The best flavors of hummus are the ones that stick a spicy core in the middle of that smooth, classic garbanzo flavor profile. The Jalapeño flavor definitely delivers a kick to your taste balls -- or taste buds, as they are more commonly called -- but here's where it falters: the jalapeños come in big chunks. So if you're one of those people who DOES NOT like to keep your additives and your hummus separated like kids on a middle-school dance floor, you're going to have a tough time blending this ish together. You get big bursts of spicy. Then you get big globs of hummus. But it's hard to get the two to coalesce.
5. Supremely Spicy
The kids might call this the most "lit" flavor, and they might be right. It's probably the spiciest boy of the bunch. The heat in question comes from pureed hot red peppers and a blanket of chili seeds. Here's the deal, though: The spicy center in this one extends way beyond the normal circumference of the interior fillings. So if you want to go with this, you really need to like the spicy stuff.
4. Tuscan Herb Garden
"Tuscan Herb Garden" sounds like something a bunch of suburban housewives would pretend-read in a book club that actually only exists as an excuse to get together and drink 12 glasses of pinot grigio.
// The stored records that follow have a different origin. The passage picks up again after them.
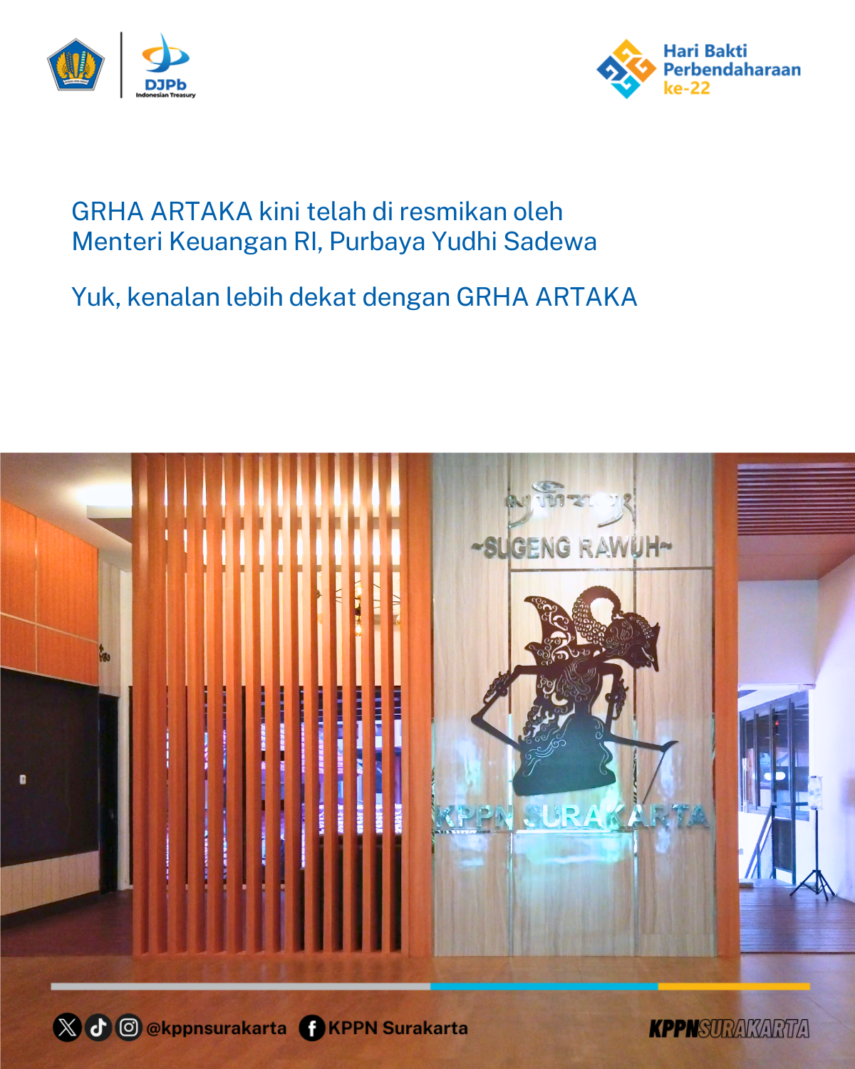 Melalui pemanfaatan Grha Artaka, KPPN Surakarta berharap fasilitas ini dapat memberikan manfaat nyata sebagai ruang kolaborasi bagi seluruh pemangku kepentingan, mendukung peningkatan kualitas layanan, serta mendorong terwujudnya pengelolaan keuangan negara yang semakin profesional dan berintegritas.
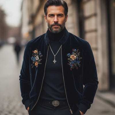 This Men's Retro Navy Blue Floral Embroidered Stand Collar Velvet Jacket exudes classic sophistication with a touch of modern artistry. Crafted from luxurious velvet, the jacket features intricate floral embroidery that adds a unique and artistic flair. The stand collar brings a tailored and refined look, emphasizing the retro appeal combined with contemporary style.
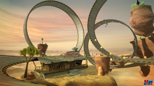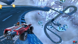 Dort seid ihr nämlich selten auf ebenem Asphalt unterwegs. Stattdessen sammelt ihr Turbos, rast über Unebenheiten und springt an Schanzen ab: Die Kurse führen euch ständig dorthin, wo sonst eine unsichtbare Wand steht. Bei mir hat es wegen der schwammigen, indirekten Steuerung allerdings eine Stunde gedauert, bis ich die sechs Vehikel sicher über die Pisten lenken konnte. Wenn ihr wollt, dürft ihr euer Fahrzeug in der Luft zwar mit der Sixaxis-Steuerung bewegen, allerdings könnt ihr es so nur nach vorne oder hinten kippen; lenken müsst ihr auch beim Fliegen mit dem Analogstick. Ganz offensichtlich
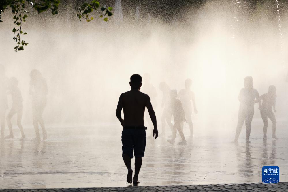 2023年7月17日,一名男子走入西班牙馬德里的噴泉中解暑。西班牙今年接連遭遇熱浪,專家認為,氣候變化導致熱浪持續時間更長、強度更大且反復出現。受這種異常天氣影響,西班牙乾旱和野火愈加頻繁。
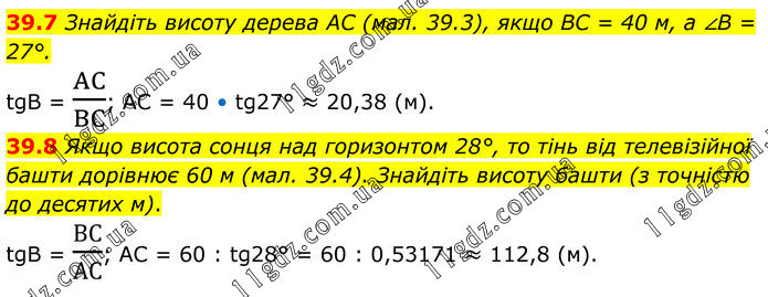 Тема 8. РОЗВ’ЯЗУВАННЯ ПРЯМОКУТНИХ ТРИКУТНИКІВ » 39.7-39.8
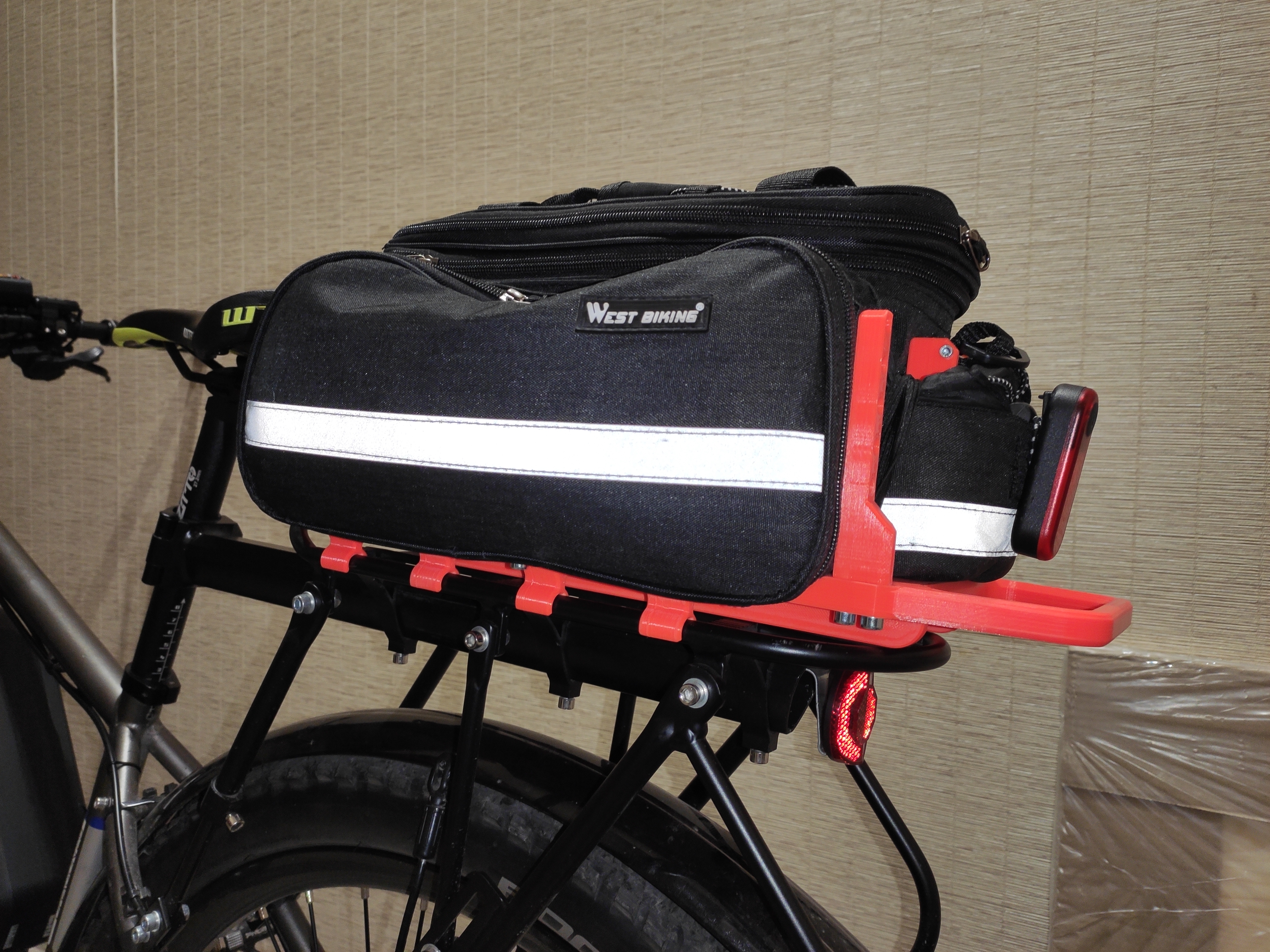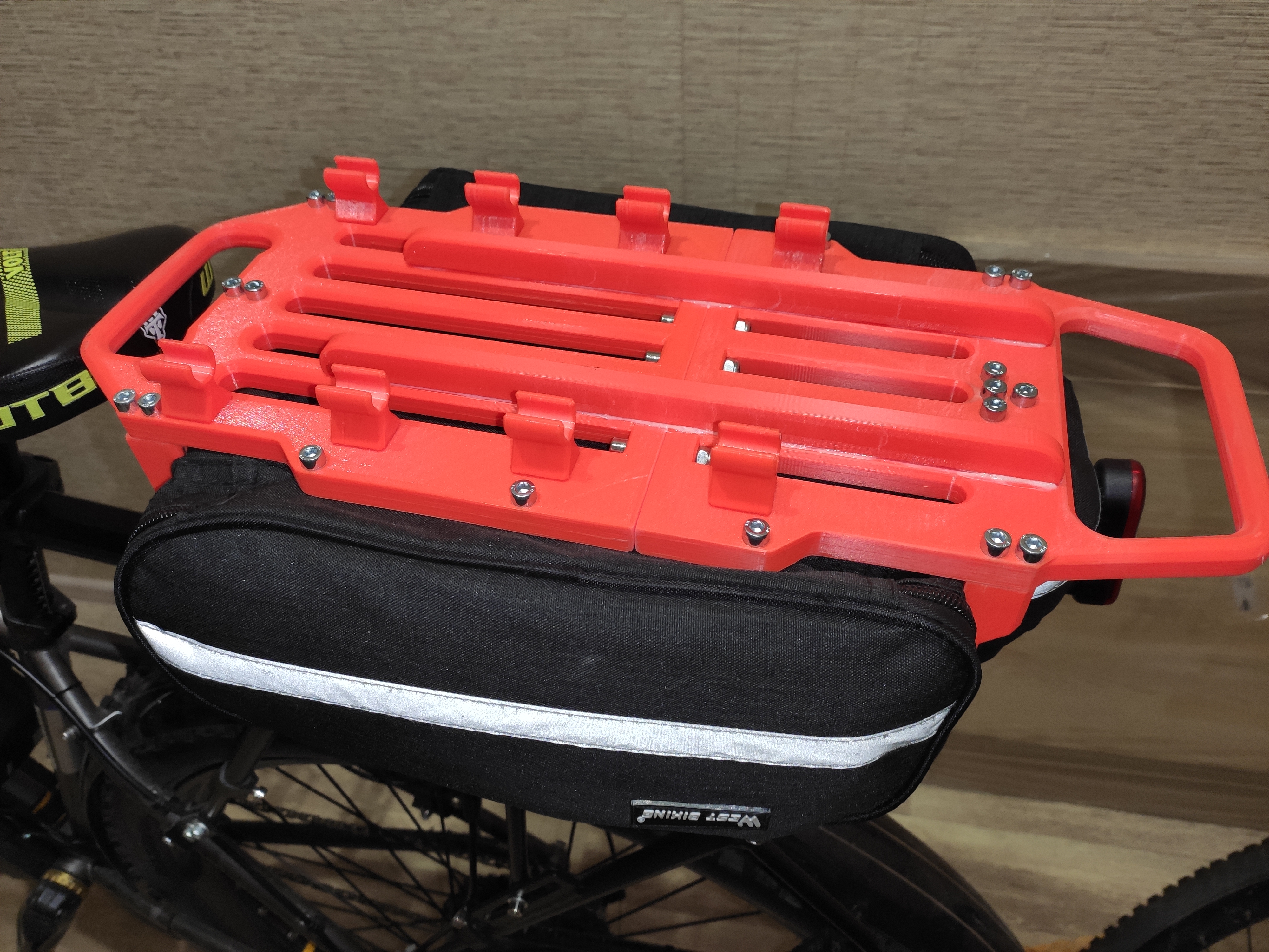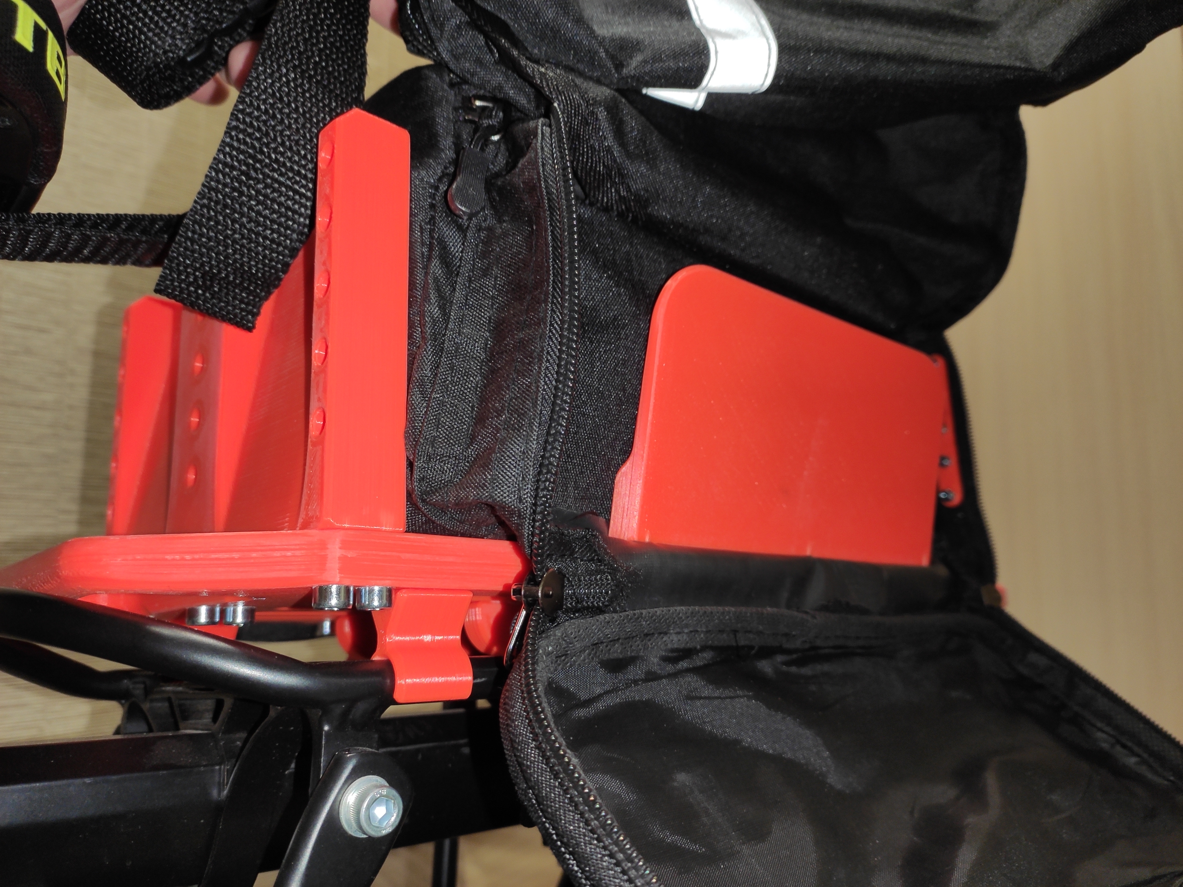 Наебался с сумкой, которая вместе с багажником была. Стропы и липучки пришиты крайне хуёво, всего за две недели одна из нижних липучек оторвалась с мясом, остальные тоже на честном слове держались. Психанул, спроектировал скелет для этой ебучей сумки и напечатал. Скелет с быстросъёмным основанием, просто встёгивается и выстёгивается из багажника а для страховки сумка фастексом цепляется к седлу :). Держится крепко, за заднюю ручку можно поднять велосипед. Но, если дёрнуть резко, то выстёгивается скелет. По бокам (внутри, пик 4) есть поперечные стабилизаторы, чтобы ебала внутри сумки не перевешивала на одну сторону. Все соединения винтовые, всё (кроме основания) разбирается, при желании любую из деталей можно дополнить по функционалу и перепечатать.

It's also probably the hummus they would put out on the table while they did that. But it's also delicious. You've got what food marketers would call a medley of Tuscan herbs and garden vegetables (carrots, tomatoes, peppers, and spinach among them)… and yeah, it tastes like a sentimental journey through the heart of one of Italy's most beautiful and life-changing regions. Or whatever.
3. Rosemary & Sea Salt
This is the highest-ranking non-spicy option, and for good reason. It delivers a distinct salty/savory taste that none of the flavors even come close to matching. Also, it just makes you seem kind of refined. Or like, as refined as you can be with store-bought hummus. "Hey do you want to come over and have some light appetizers, including rosemary and sea salt hummus?" See, that sounded classy. At least as classy as ⅖ of the actors who have played James Bond.
2. Roasted Red Pepper
For our penultimate selection, a hummus haiku:
Roasted Red Pepper
It’s almost the best Sabra
Chunks of pepper: good
OK one more!
It’s nice and spicy
But not overwhelming, yeah?
Me likes to eat it
Why did Chipotle come in as the top dog of grocery store hummus? If we are going to be totally honest: Distinguishing these hummuses (hummusi? Hummesons?) is pretty difficult. What Chipotle does is encapsulate all the things I like about the other flavors: It doesn't look weird, it's spicy, it has a good flavor-center/hummus ratio, and it doesn't make your breath smell. It also has a smoky aftertaste that reminds me a little bit of breathing in barbecue smoke at a tailgate, and I mean that in the best possible way.